Juan Manuel Marquez picked himself off the canvas to stop brave Australian challenger Michael Katsidis and successfully defend his WBO and WBA lightweight titles at the MGM Grand in Las Vegas, Nevada.
Marquez, 37, laid siege to “The Great” in the ninth round, raining down unanswered blows until referee Kenny Bayless had no other option but to call a halt to proceedings and save Katsidis from further punishment.
Katsidis had started well in the opening rounds and caught the unified champion with a sweet left hand to put him on the floor in the third round, but Marquez showed all his class and experience to get up and finish the round the stronger of the two.
“Dinamita” recorded his 52nd victory in his 58th outing (38th KO) and now hopes to lure Filipino legend Manny Pacquaio into the ring for what would be their third fight after a draw in 2004 and a close split decision win for Pacquiao four years later.
With all of Floyd Mayweather’s well documented problems, a fight with Pacquiao seems a million miles away right now, so it does makes sense to get the third fight made with Marquez, although every fighter and his dog seems to be calling out the “Pacman” since his immortalization against Margarito.
For the Aussie Katsidis, it shouldn’t be a hard rebuilding job for him as his reputation would have earned more good points than bad after the death of his brother in the build up and the fact that he had the champion in trouble in third round.
The Queensland warrior has only been beaten by the likes of Joel Casamayor, Juan Diaz and now Marquez, so it seems like he is mixing in the right class and his time should come again after a well deserved break to mourn his loss and reflect on his future plans.

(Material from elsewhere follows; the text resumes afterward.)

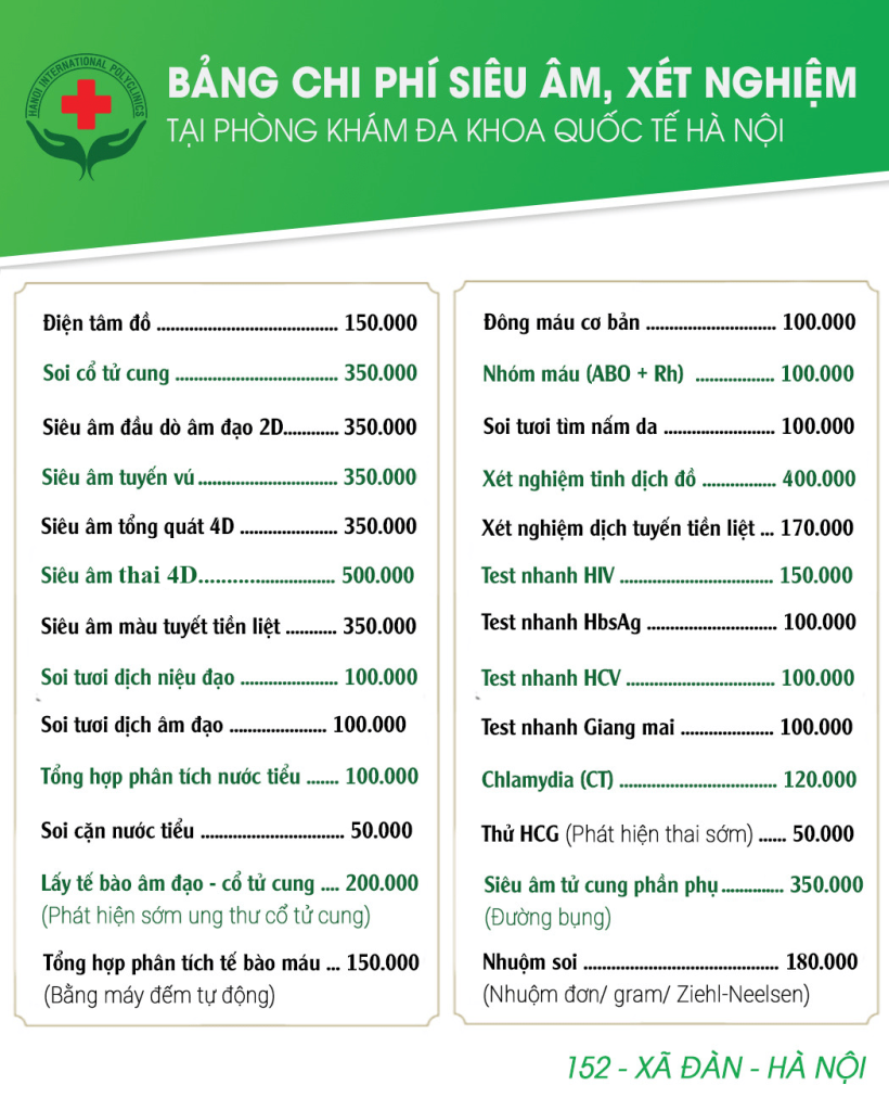 Gói khám sùi mào gà 200K tại Phòng khám Đa khoa Quốc tế Hà Nội không chỉ bao gồm các hạng mục thăm khám cần thiết, mà còn đi kèm ưu đãi đặc biệt khi giảm 30 – 50% chi phí thủ thuật (nếu có) dành cho những bệnh nhân đặt lịch trước TẠI ĐÂY

On the undercard in Vegas, Andre Berto easily defended his WBC Welterweight Title in his first fight for seven months by stopping Mexican Freddy Hernandez in just over two minutes to record his 27th straight victory and remain unbeaten.
He then predictably called out Pacquiao in his post fight interview in what seems to be the only thing on any boxer’s mind who fights within the light-welterweight and light-middleweight divisions.